Dios ha pensado en una armonía inmensa para la existencia humana
Un violinista tiene sus problemas, sus sueños, sus miedos, sus esperanzas.
Una llamada. Toma su instrumento y sale con prisa para ir al concierto.
Los músicos se reúnen.
Han pasado días, semanas de ensayos. La partitura está desgastada. La gente,
expectante, llena la sala.
Entra el director.
Algunos gestos rituales, aplausos y silencio. Pronto dará inicio la primera
pieza.
Aquellos hombres y
mujeres están ahora unidos. La melodía guía sus movimientos. Actúan o esperan.
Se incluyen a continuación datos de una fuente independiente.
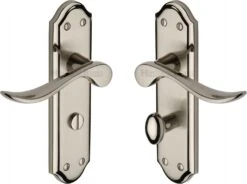 - Available in various plate designs including latch set for non locking doors, lock set for key locking doors, bathroom set that locks via a thumbturn and can be released in an emergency via a coin release on the outside handle, and a euro profile set for use with euro profile cylinders.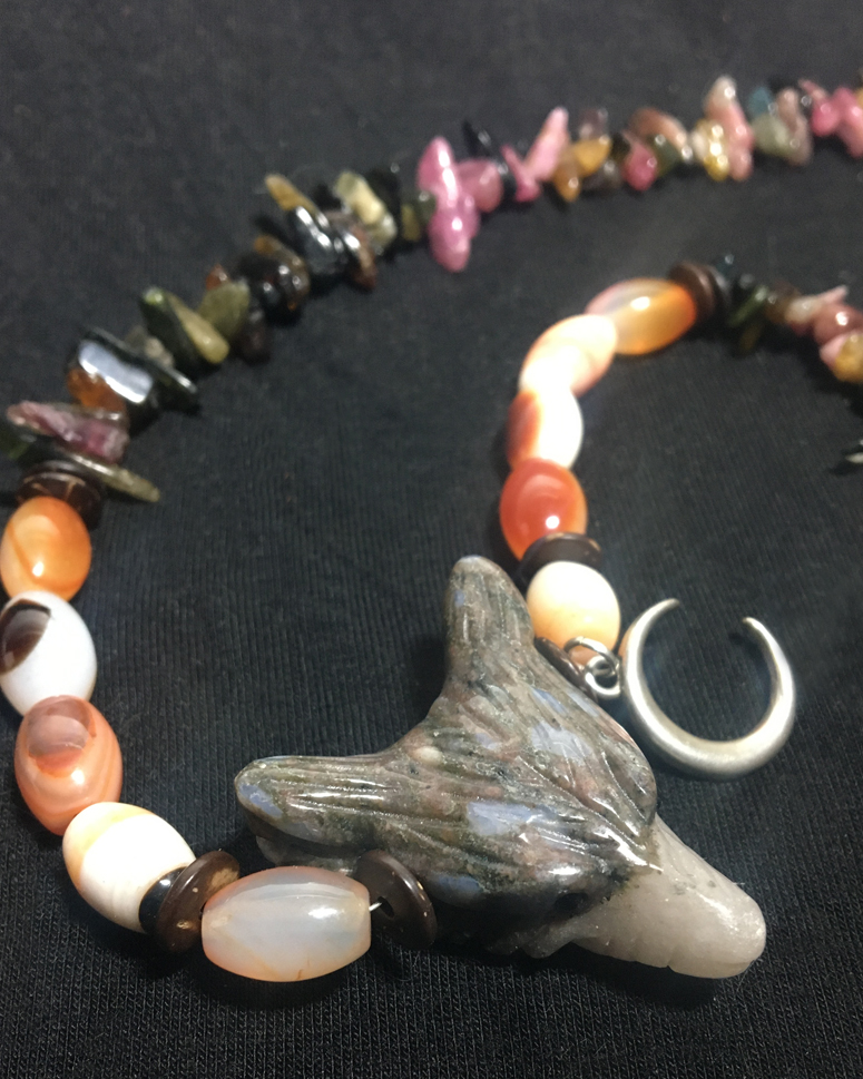 strung with antique Tibetan dzi agate beads, and multi-color tourmaline chips to create a true power piece for your collection, or for serious energy.

Miran el instrumento, o la partitura, o la dirección que marca el ritmo.
La música llena todo
el ambiente. La armonía eleva las almas. La perfección parece completa. Un
experto podrá intuir algún pequeño error, algo que sucede incluso entre gente
muy preparada.
Al final, una
apoteosis. Aplausos, hurras, vivas. Satisfacción y alegría. La orquesta ha
deleitado a cientos, quizá miles, de espectadores.
Cada uno recoge su
instrumento. Hay que volver a la vida ordinaria. En casa hay formularios que
llenar, mensajes que responder, ropa que lavar, libros que ordenar.
Atrás queda el
recuerdo de un milagro. Fue posible armonizar vidas y sentimientos tan
diferentes, guiados todos por la intuición de un compositor que supo expresar
maravillas de su corazón.
Sentimos un deseo
sincero de dar las gracias a quienes, con tanto esfuerzo, seguramente con un
gusto auténtico, han permitido que la música naciese, nuevamente, en un mundo
tan necesitado de armonía.
Porque, lo constatamos
cada día, muchos no saben, no pueden o no quieren seguir la voz y los gestos
del Gran Director, del Dios que también ha pensado en una armonía inmensa
para la existencia humana y de otros seres del planeta.
Seguramente muchos no
sabemos tocar un instrumento. Pero en la historia tenemos un lugar en la
orquesta cósmica, una tarea, una voz, un cariño que ofrecer a los demás.
Si miramos al Director
Bueno, si acogemos las indicaciones del Padre de los cielos, entraremos a
formar parte de una armonía que inicia en la tierra, que sigue en
lo eterno, y que tiene el nombre más hermoso: Amor.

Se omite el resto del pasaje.